Your answer must be an exact copy of the lines below, from the first through the one with "Kısa kollu, fırfırlı", with no pictures.

INPUT DATA: Begin

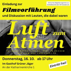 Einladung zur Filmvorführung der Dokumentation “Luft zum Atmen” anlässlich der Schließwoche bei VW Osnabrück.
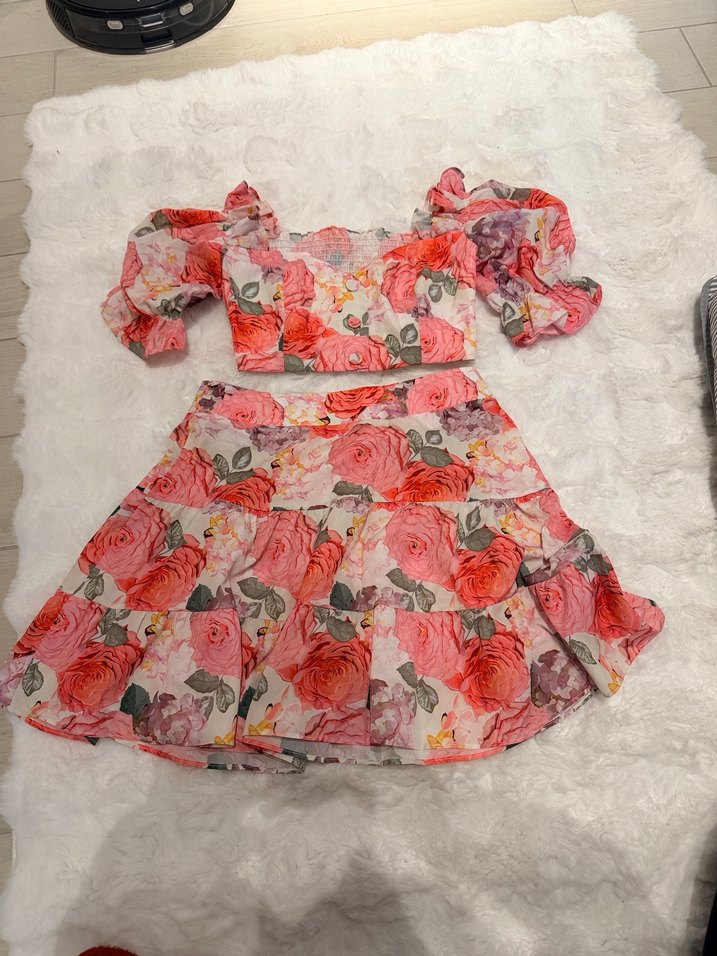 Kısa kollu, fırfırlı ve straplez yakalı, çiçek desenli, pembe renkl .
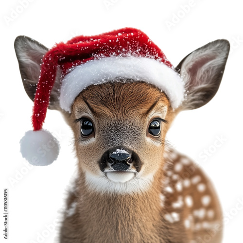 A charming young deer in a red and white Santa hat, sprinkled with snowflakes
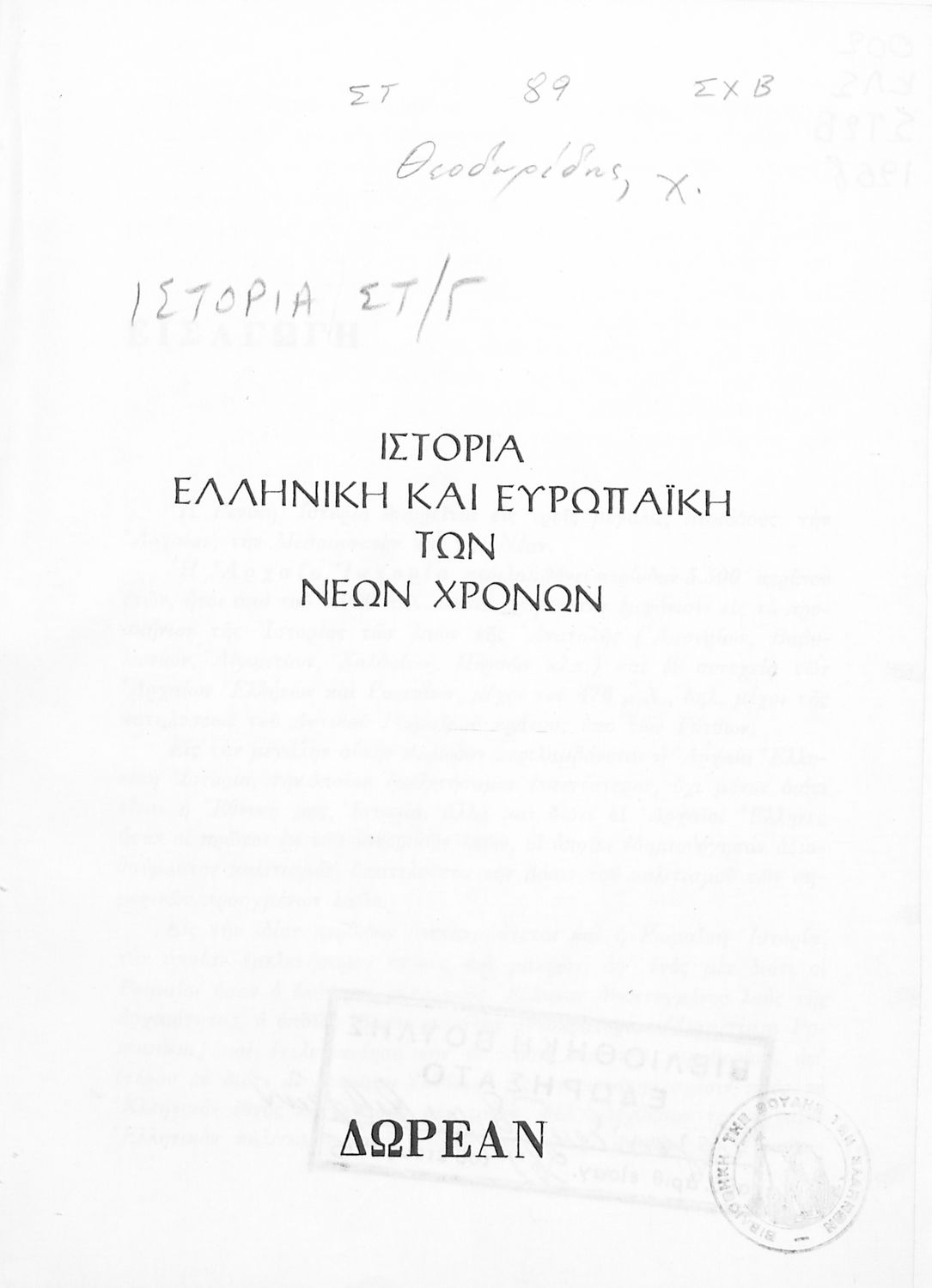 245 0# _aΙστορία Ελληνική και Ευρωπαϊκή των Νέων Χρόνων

INPUT DATA: End

## RESULT FOR THIS EXERCISE
 Einladung zur Filmvorführung der Dokumentation “Luft zum Atmen” anlässlich der Schließwoche bei VW Osnabrück.
 Kısa kollu, fırfırlı ve straplez yakalı, çiçek desenli, pembe renkl .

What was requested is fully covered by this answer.